[Stored items from a collection]
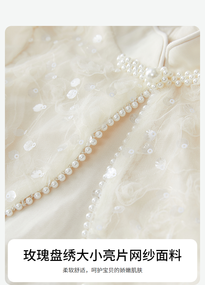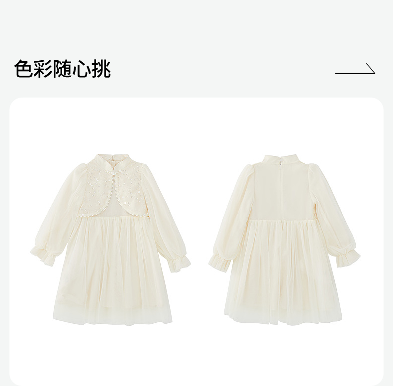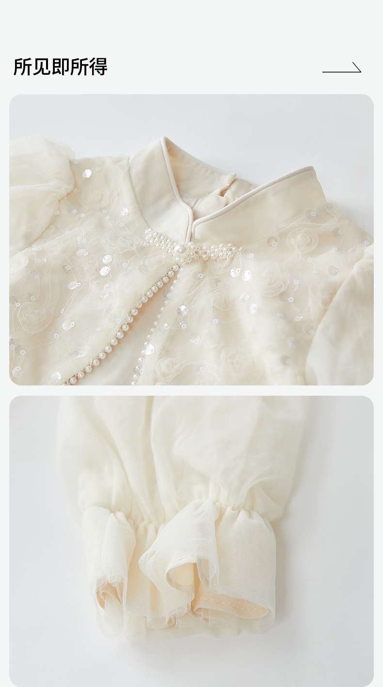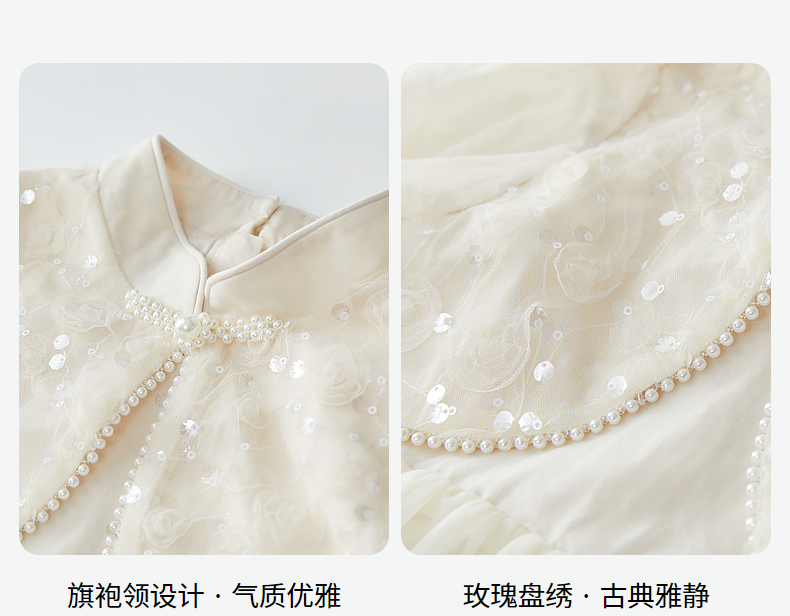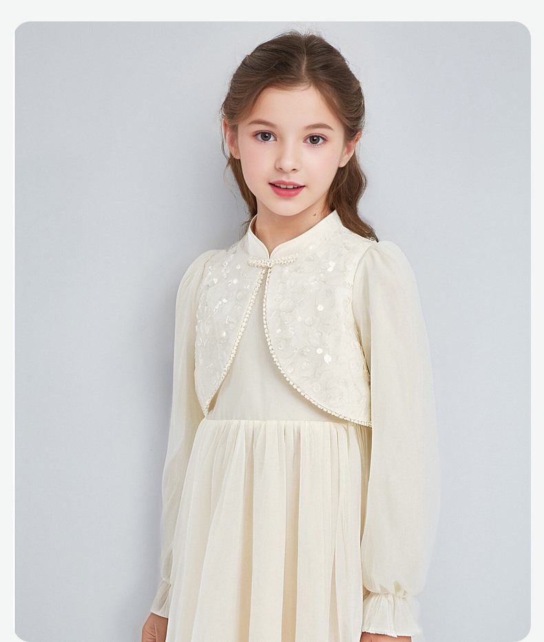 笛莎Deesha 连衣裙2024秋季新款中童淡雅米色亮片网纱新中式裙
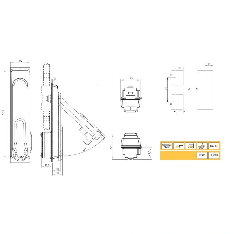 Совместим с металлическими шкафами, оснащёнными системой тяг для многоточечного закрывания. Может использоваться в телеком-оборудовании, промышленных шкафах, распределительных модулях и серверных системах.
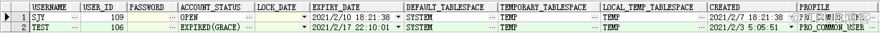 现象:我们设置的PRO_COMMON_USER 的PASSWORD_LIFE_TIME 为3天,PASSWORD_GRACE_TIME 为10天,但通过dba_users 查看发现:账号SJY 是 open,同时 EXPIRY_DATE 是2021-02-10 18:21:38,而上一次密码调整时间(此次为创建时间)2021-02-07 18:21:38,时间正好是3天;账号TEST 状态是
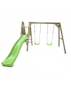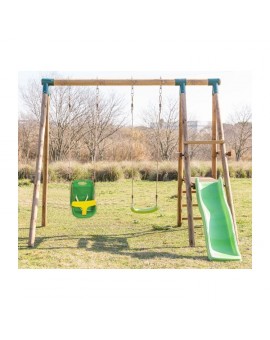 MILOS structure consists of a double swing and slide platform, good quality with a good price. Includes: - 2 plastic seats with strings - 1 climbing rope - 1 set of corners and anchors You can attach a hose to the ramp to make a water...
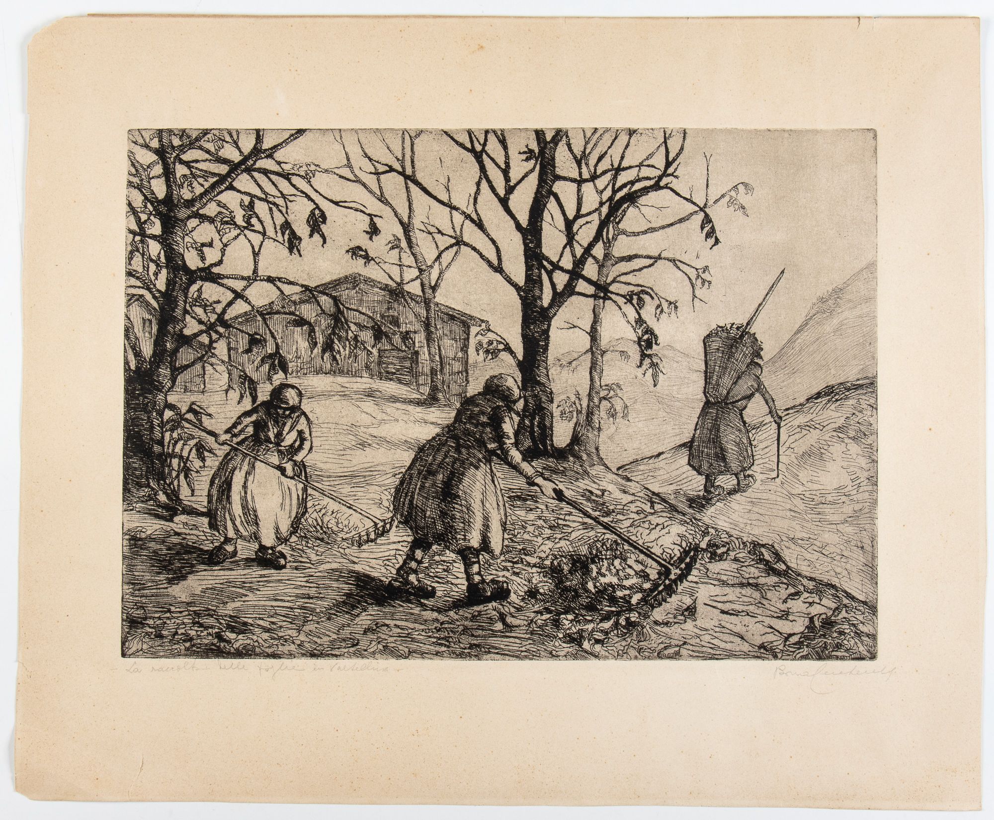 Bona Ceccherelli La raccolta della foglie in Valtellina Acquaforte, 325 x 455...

**WHAT TO DO**
Retype, word for word, the line containing "MILOS structure consists" and each line after it through the end of the data, leaving any picture out.

**FINAL ANSWER**
 MILOS structure consists of a double swing and slide platform, good quality with a good price. Includes: - 2 plastic seats with strings - 1 climbing rope - 1 set of corners and anchors You can attach a hose to the ramp to make a water...
 Bona Ceccherelli La raccolta della foglie in Valtellina Acquaforte, 325 x 455...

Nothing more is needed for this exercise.